How to Avoid Non-Resident Tuition Rates at Out-of-State Public Colleges

Applying to out-of-state public colleges can be appealing for any number of reasons. An out-of-state public university might offer a student’s ideal program or the school may be near members of the student’s extended family. Or it could just be location, location, location. Perhaps the student is drawn to the Rocky Mountains of Colorado, the beaches of Hawaii, or the hustle and bustle of New York. Whatever the reason, attending college out of state may seem like a great idea – until the sticker shock of non-resident tuition sets in.

Unlike private universities, which typically charge the same amount regardless of where in the U.S. a student resides, public colleges charge one amount for in-state students and a higher amount for out-of-state students. A state’s taxpayers fund its public universities, so it makes sense that students who are permanent residents of the state are offered lower tuition. The rationale for non-resident tuition comes back to taxpayer funding: Why should a California taxpayer foot the bill for a Massachusetts student to attend UCLA?

Because non-resident tuition is often more than double that of in-state tuition, it can be hard to make the case for students to cross state lines. At UCLA, for example, the cost of attendance (including room and board) for a California resident is $32,600, but for a non-resident it’s $60,600. Is that the amount a family wants to pay so that their student can bump up against impacted programs and spend six years in college? There are any number of private colleges that, for the same amount, could deliver a more personalized education and a diploma in four years.

Before paying sticker price, it’s worth exploring options for paying less at out-of-state public colleges.

Regional Reciprocity Agreements

Throughout the country, there are groups of public colleges and universities that have reciprocity agreements. Essentially, they allow one state’s students to attend another state’s public colleges at less than the non-resident rate. Here’s a rundown:

Western Undergraduate Exchange: Sixteen Western states and U.S. territories participate in WUE. Students pay a maximum of 150 percent of in-state tuition at participating community colleges and four-year universities. If an Oregon student is interested in getting an engineering degree, they have choices in Arizona, California, Colorado, Hawaii, Idaho, New Mexico, and other states. If they were accepted as a WUE student into the University of New Mexico, their tuition rate would be $7,929 – decidedly better than UNM’s $20,549 nonresident rate, and only slightly higher than the $5,286 resident tuition. It’s important to keep in mind that WUE rates aren’t automatic and they’re not available for every major. When a student applies, they have to indicate that they’re interested in the WUE rate, and factors like grades and test scores may be taken into account.

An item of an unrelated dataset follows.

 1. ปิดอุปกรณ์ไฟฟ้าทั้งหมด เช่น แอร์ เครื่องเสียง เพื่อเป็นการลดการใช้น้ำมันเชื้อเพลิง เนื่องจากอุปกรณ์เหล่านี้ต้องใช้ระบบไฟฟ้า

New England Regional Student Program: Open to permanent residents of Connecticut, Maine, Massachusetts, New Hampshire, Rhode Island, and Vermont, RSP encompasses 82 public colleges and universities. Students are eligible for RSP (also known as Tuition Break) when they apply to an out-of-state program that isn’t offered in their home state. They may also qualify if an out-of-state program is geographically closer to their home. The savings associated with RSP depends upon the college. At the University of New Hampshire, for example, the in-state tuition is $14,770, out-of-state is $29,340, and RSP is $25,865. At the University of Connecticut, in state is $11,998, out-of-state is $34,066, and RSP is $20,416.

Midwest Student Exchange Program: MSEP is similar to WUE in that the participating MSEP colleges and universities agree to cap tuition at 150 percent of in-state rates. Depending on the college, students may need to reapply for MSEP rates each year. There are ten participating states, and application requirements and discounts vary by college. For example, at Indiana’s Ball State College, in-state tuition is $9,234, non-resident tuition is $23,962, and the MSEP rate is $13,851. In order to get the discount, a freshman applicant must have a 3.3 or higher GPA. As with the other exchanges, not all majors are eligible for the MSEP rate. Some private colleges also offer a 10 percent discount through MSEP.

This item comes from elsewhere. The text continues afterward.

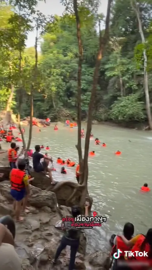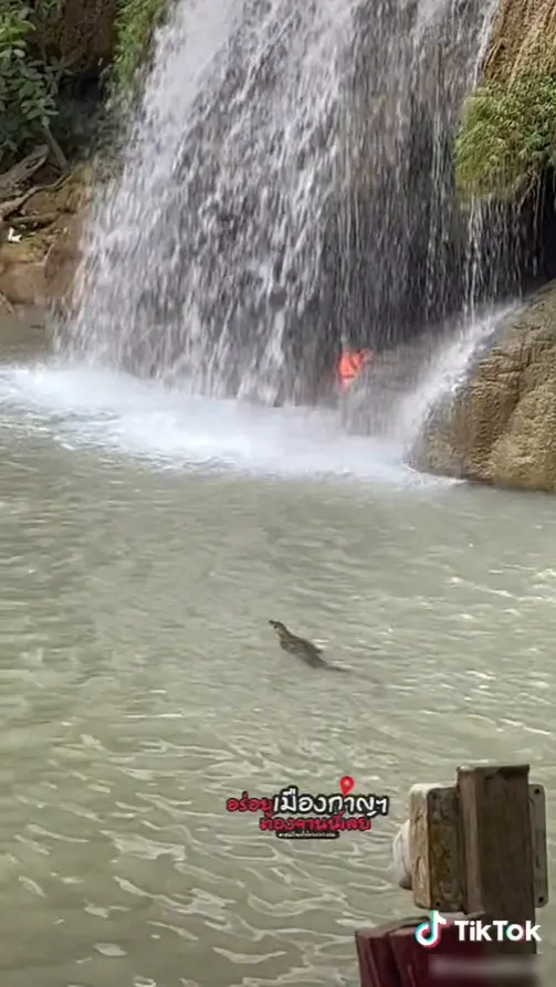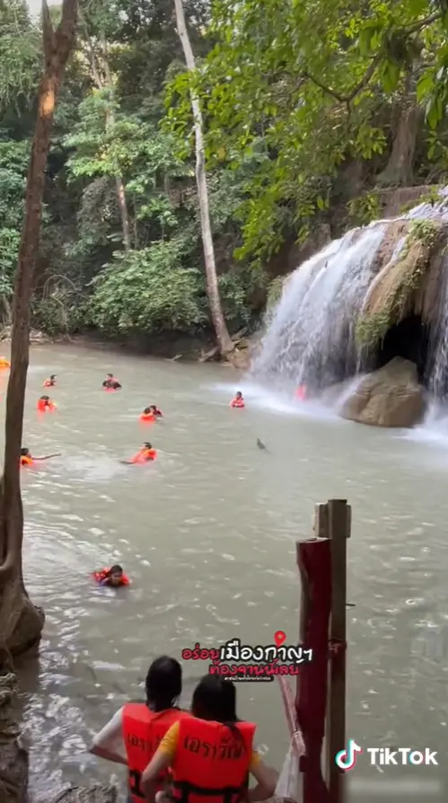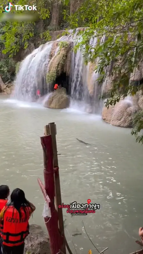 อย่างในกรณีนี้ ผู้ใช้ TikTok รายหนึ่งได้โพสต์คลิปเล่าเรื่องราวบรรยากาศภายในน้ำตกเอราวัณ จากคลิปจะเห็นได้ว่า ในช่วงเวลาดังกล่าวได้มีนักท่องเที่ยวร่วมลงเล่นน้ำอยู่ภายในน้ำตกเป็นจำนวนมาก แต่แล้วจู่ๆก็มีเจ้าถิ่นตัวหนึ่งได้โดดลงน้ำซึ่งมีนักท่องเที่ยวอยู่

Academic Common Market: Encompassing 15 Southern states and 100 colleges, ACM offers students the opportunity to study programs not offered in a student’s home state while paying in-state tuition. Unlike the exchanges in other regions, ACM isn’t competitive or merit based, and it also offers access to out-of-state online programs at in-state rates. In order to obtain ACM eligibility, a student must provide residency documentation and become state certification.

Other Paths to Cheaper Tuition at Out-of-State Public Colleges

There are several other paths that can lower the price of out-of-state tuition. The requirements for actually establishing residency vary by state, and most states don’t make it easy to qualify for in-state tuition. In Colorado, for example, a student must be 22 years old before establishing a home in the state, and then must live there for 12 months before attending the first day of classes. The only workaround is to grant the minor emancipation, in which case the student has to prove that they have the means to pay their own education and living expenses.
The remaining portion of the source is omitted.